In Little's test of MCAR the data are modeled as multidimensional, multivariate normal with mean 'mu' and covariance matrix 'sigma'. The test statistic is the sum of the squared standardized differences between sub-sample means and the expected population means weighted by the variance-covariance matrix and the number of observations. Under the null hypothesis, the test statistic follows a chi-square distribution with \(\sum k_j - k\) degrees of freedom, where \(k_j\) is the number of complete variables for missing data pattern \(j\), and \(k\) is the total number of variables. A statistically significant result provides evidence against MCAR.

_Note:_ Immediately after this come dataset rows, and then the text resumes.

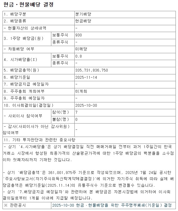 | HD현대 2025년 3분기 배당 확정! 배당금·배당일·배당락 총정리 (0) | 2025.11.03 |
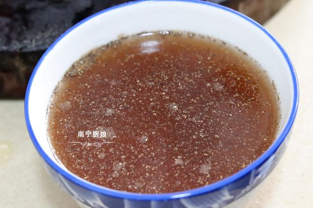 1、调配酱汁,把蜂蜜,番茄酱,醋,料酒,黑胡椒粉,盐放进同一个碗中,加入少量清水,用筷子搅拌均匀。
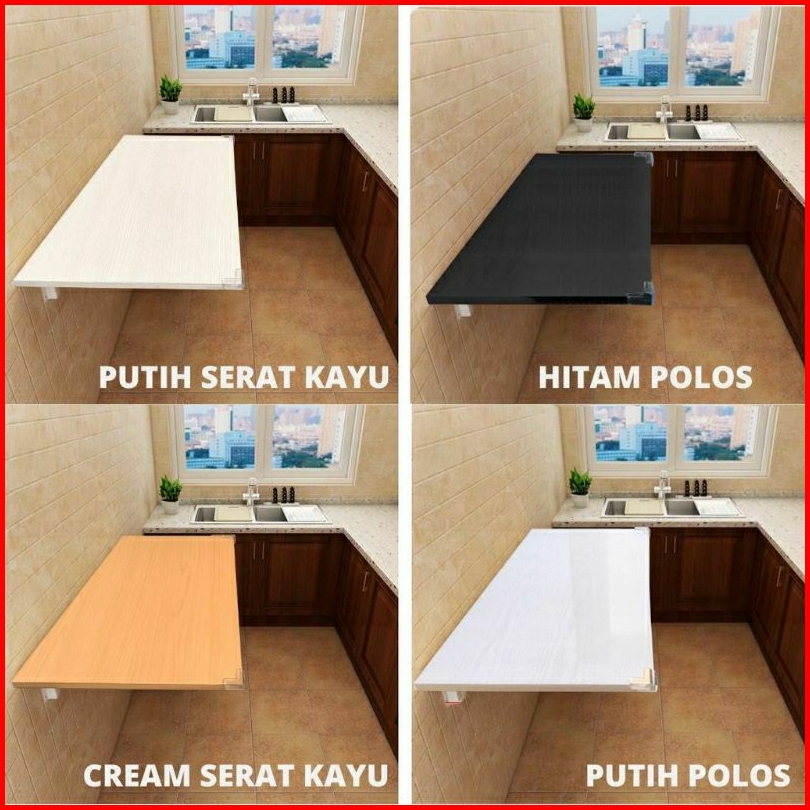 Meja Lipat Tempel Dinding Ukuran Plus Bracket 120x50cm 80x40cm 60x40cm 60x30cm 80x20cm Warna Hitam Putih Serat Kayu Pink
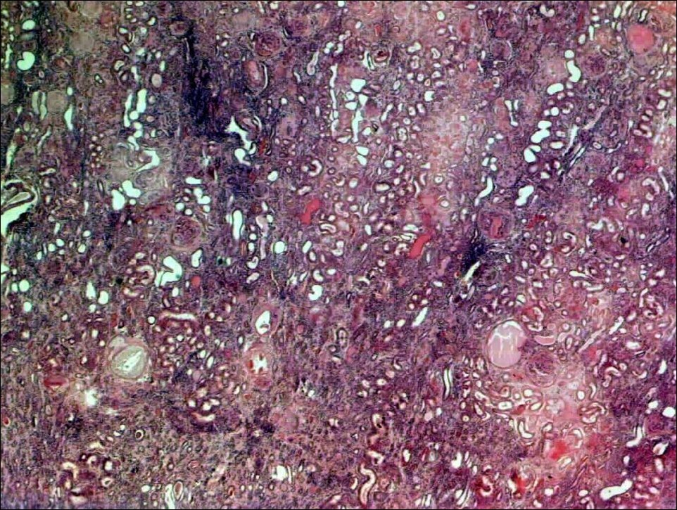 Describe this histo slide of a 2yo cocker with familial renal disease.
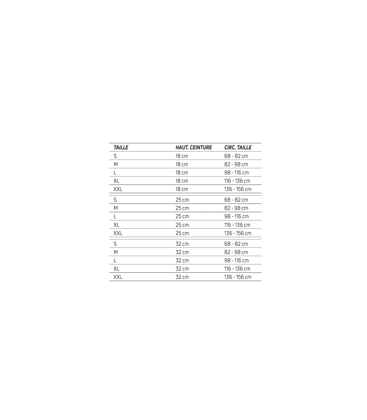 De plus, la ceinture Abdostrap II est un modèle mixte, disponible en 3 hauteurs (18, 25 et 32 cm) et 5 tailles allant de la taille S à la taille XXL.
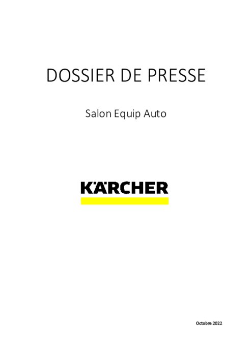 Equipementiers 10 octobre 2022 - 10:36 À l’occasion du salon Equip Auto qui se déroulera du 18 au 22 octobre prochain, Kärcher présentera aux professionnels des produits innovants et plusieurs nouveautés, dont les deux derniers portiques de lavage de la marque allemande. PDF (557 Ko) Télécharger
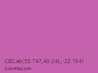 CIELab 55.747,49.241,-22.764 Color is a normal magenta color and the nearest color is Super Pink #cf6ba9. Hex code #c562ae and RGB value is rgb(197,98,174). In RGB color space, this color is composed of 77% red, 38% green, 68% blue, In CMYK color space, this color is composed of 0% cyan, 50% magenta, 12% yellow , 23% black , In HSL color space, this color has a hue angle of 314° , 46% saturation and 58% lightness.
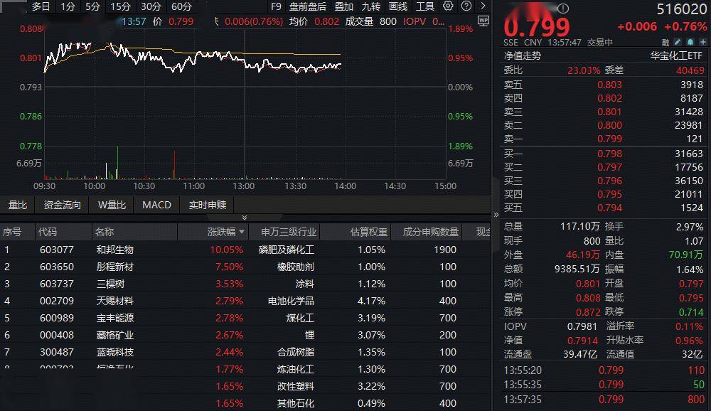 六氟磷酸锂价格或继续上涨?化工板块全天强势,化工ETF(516020)上探1.89%冲击日线三连阳!

When the normality assumption is not satisfied, the test will work for quantitative random variables but not categorical ones. Additionally, the test will not specify which variable(s) are not MCAR, and it fails to identify collinearity among variables. Third, the test can neither prove the MCAR assumption nor rule out the hypothesis of MNAR.
Value
a numeric matrix
- statistic
Chi-squared statistic for Little's test
- df
Degrees of freedom used to compute chi-square statistic
- p_value
P-value for the chi-square statistic
- pattern
Unique missing data patterns found
References
Little, R. J. A. (1988). A test of Missing Completely at Random for multivariate data with missing values. Journal of the American Statistical Association, 83, 1198-1202. https://doi.org/10.2307/2290157
code is adapted from Eric Stemmler: https://web.archive.org/web/20201120030409/https://stats-bayes.com/post/2020/08/14/r-function-for-little-s-test-for-data-missing-completely-at-random/
and naniar's mcar_test
.
Examples
set.seed(123)
data <- data.frame(x1 = stats::rnorm(100),x2 = stats::rnorm(100),y = stats::rnorm(100))
data$x1[sample(1:100, 20)] <- NA
data$x2[sample(1:100, 15)] <- NA
data$y[sample(1:100, 10)] <- NA
check.mcar(data,digits = 3)
#> Little's test of MCAR
#> statistic df p.value missing.patterns
#> 1 5.484 9 0.79 7